1) Write down all the static IP addresses in use.  Likely, gateway, servers, printers .. etc.  
If these are all in a block then fine.  If they split up the current 256-address range too much then consider changing some of them to be in a block like 10.10.10.1 - 15 or -31 .... whatever.

2) Change the network mask from /24 255.255.2555.0 to /23.  This will provide a 512-address range without changing the base network address of 10.10.10.0.  Note: /22 will provide a 1024-address range but will change the base network address to 10.10.8.0.  Either way, they end at 10.10.11.255 for a broadcast address.

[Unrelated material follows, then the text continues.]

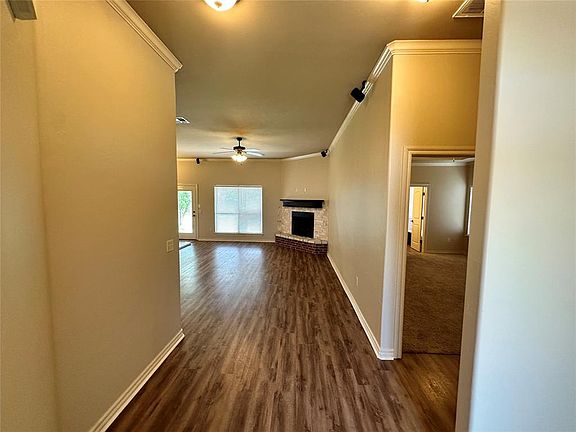 This beauty is Nestled in the heart of Edmond! All in one floor in the Gated Community at Kimberly Crossing that offers Community Park and Playground!! Home features: 3 bedroom and 2 full baths plus study that can be used as 4th bedroom or nursery or as your office with 3 car garage!. As soon as you walk in in you will be greeted with the Nice living with an open concept that makes family living room feel very cozy with fireplace! Kitchen features: all stainless-steel appliances, granite counter-tops and oversized pantry, plus plenty of counter space for extra storage! The primary suite is perfectly situated in the corner of the house for privacy and away from the secondary bedrooms, it features a walk-in closet, tall tray ceiling with the jetted tub and his and her vanity! The secondary bedrooms are on the other side of living and away from the primary suite! The backyard has been designed with a huge, covered patio making it the perfect for entertaining, plus extra added concrete for new hot tub with 220 vol. The entire backyard is fenced with sprinkler system! Your new home also has a storm shelter in the garage! New paint throughout the inside and outside! Extra decking for storage in the attic! Blinds throughout the house! Crown molding throughout except secondary bedrooms! Luxury laminate in living room! Close to Mitch Park! Close to all shops and restaurants!

3) Change the wireless routers according to the paper attached - which entails where you plug things into the router just a bit.  Note that DHCP is now provided by a single servers for the entire network.

You may also try something like this ... without changing any cabling at all:

- since all the wireless routers WAN sides go into the main LAN
- since you want to have more connectivity than is presently provided
(right now the wireless computers should be able to see the main LAN but the main LAN and other wireless zones *can't* see "down" into the wireless zone computers.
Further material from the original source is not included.